Brief » What you return must match the entries word for word, minus the pictures.

Input material »
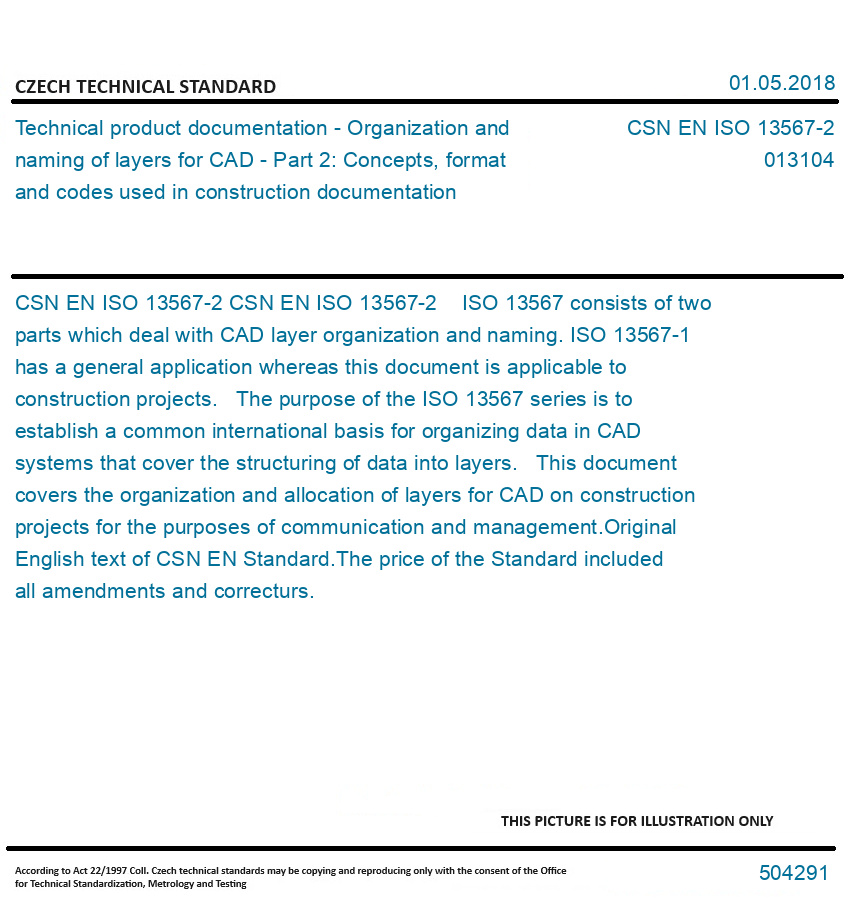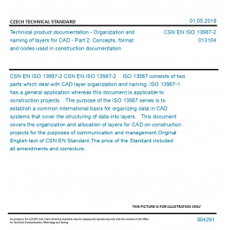 CSN EN ISO 13567-2 ISO 13567 consists of two parts which deal with CAD layer organization and naming. ISO 13567-1 has a general application whereas this document is applicable to construction projects. The purpose of the ISO 13567 series is to establish a common international basis for organizing data in CAD systems that cover the structuring of data into layers. This document covers the organization and allocation of layers for CAD on construction projects for the purposes of communication and management. Original English text of CSN EN Standard. The price of the Standard included all amendments and correcturs.
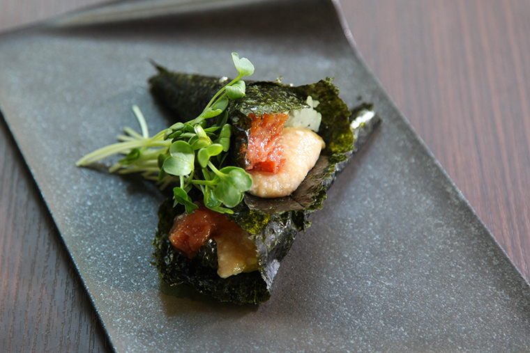 2. 海苔の上にご飯をのせ、ディップソースとたたき梅、キュウリなどをのせて巻く。
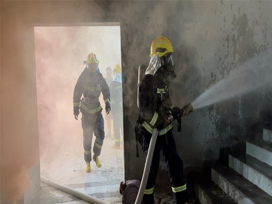 下午15點50分,科技物流園內部突然起火,現場濃煙滾滾,相關工作人員立即采取自救措施,通知義務消防員有序組織人員疏散,消防官兵到場后,立即迅速組織對被困人員實施救援,及時堵截火勢、控制火情,經過近30分鐘的滅火救援戰(zhàn)斗,大火被徹底撲滅,演練取得了圓滿成功。
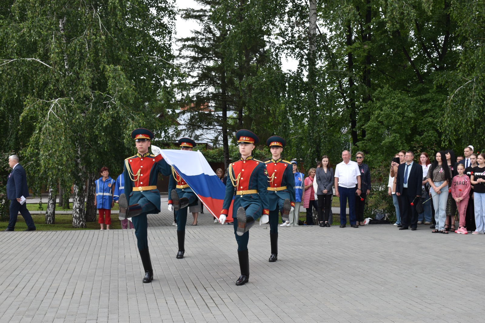 Празднование Дня России в Барнауле началось с торжественной церемонии поднятия флага Российской Федерации в Нагорном парке у стелы «Город трудовой доблести».
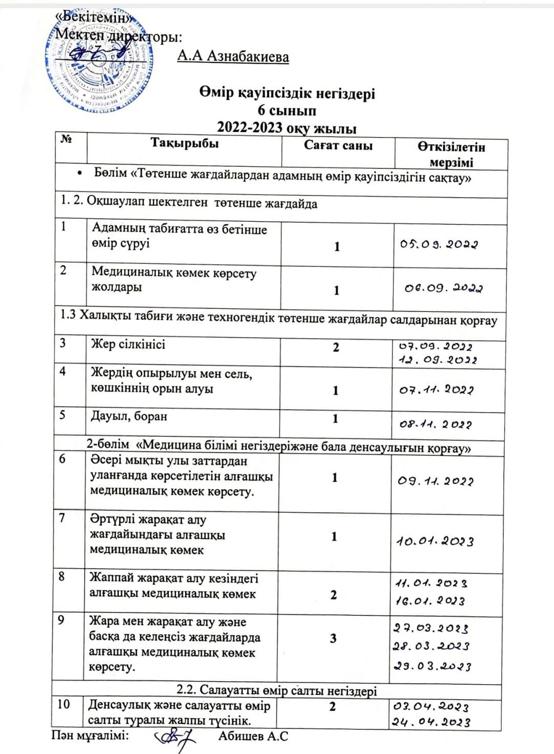 Өмір қауіпсіздік негіздері 6-сынып » Жаңашаруа орта мектебі
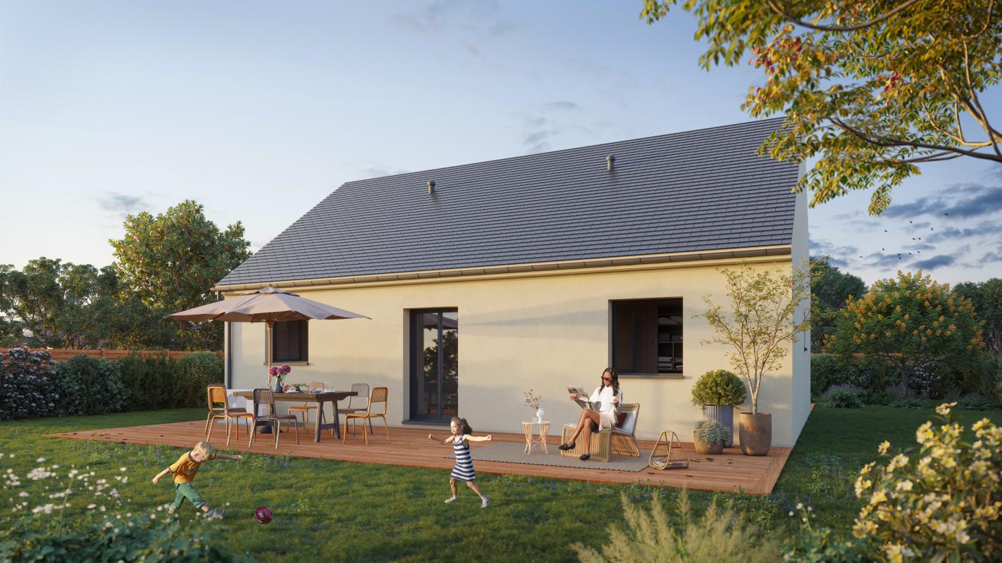 Exemple de maison à bâtir aux dernières normes RE 2025 d'une superficie de 64 m² sur un terrain de 450m² suitée sur la commune de LIMERZEL.

Response to the exercise »
 CSN EN ISO 13567-2 ISO 13567 consists of two parts which deal with CAD layer organization and naming. ISO 13567-1 has a general application whereas this document is applicable to construction projects. The purpose of the ISO 13567 series is to establish a common international basis for organizing data in CAD systems that cover the structuring of data into layers. This document covers the organization and allocation of layers for CAD on construction projects for the purposes of communication and management. Original English text of CSN EN Standard. The price of the Standard included all amendments and correcturs.
 2. 海苔の上にご飯をのせ、ディップソースとたたき梅、キュウリなどをのせて巻く。
 下午15點50分,科技物流園內部突然起火,現場濃煙滾滾,相關工作人員立即采取自救措施,通知義務消防員有序組織人員疏散,消防官兵到場后,立即迅速組織對被困人員實施救援,及時堵截火勢、控制火情,經過近30分鐘的滅火救援戰(zhàn)斗,大火被徹底撲滅,演練取得了圓滿成功。
 Празднование Дня России в Барнауле началось с торжественной церемонии поднятия флага Российской Федерации в Нагорном парке у стелы «Город трудовой доблести».
 Өмір қауіпсіздік негіздері 6-сынып » Жаңашаруа орта мектебі
 Exemple de maison à bâtir aux dernières normes RE 2025 d'une superficie de 64 m² sur un terrain de 450m² suitée sur la commune de LIMERZEL.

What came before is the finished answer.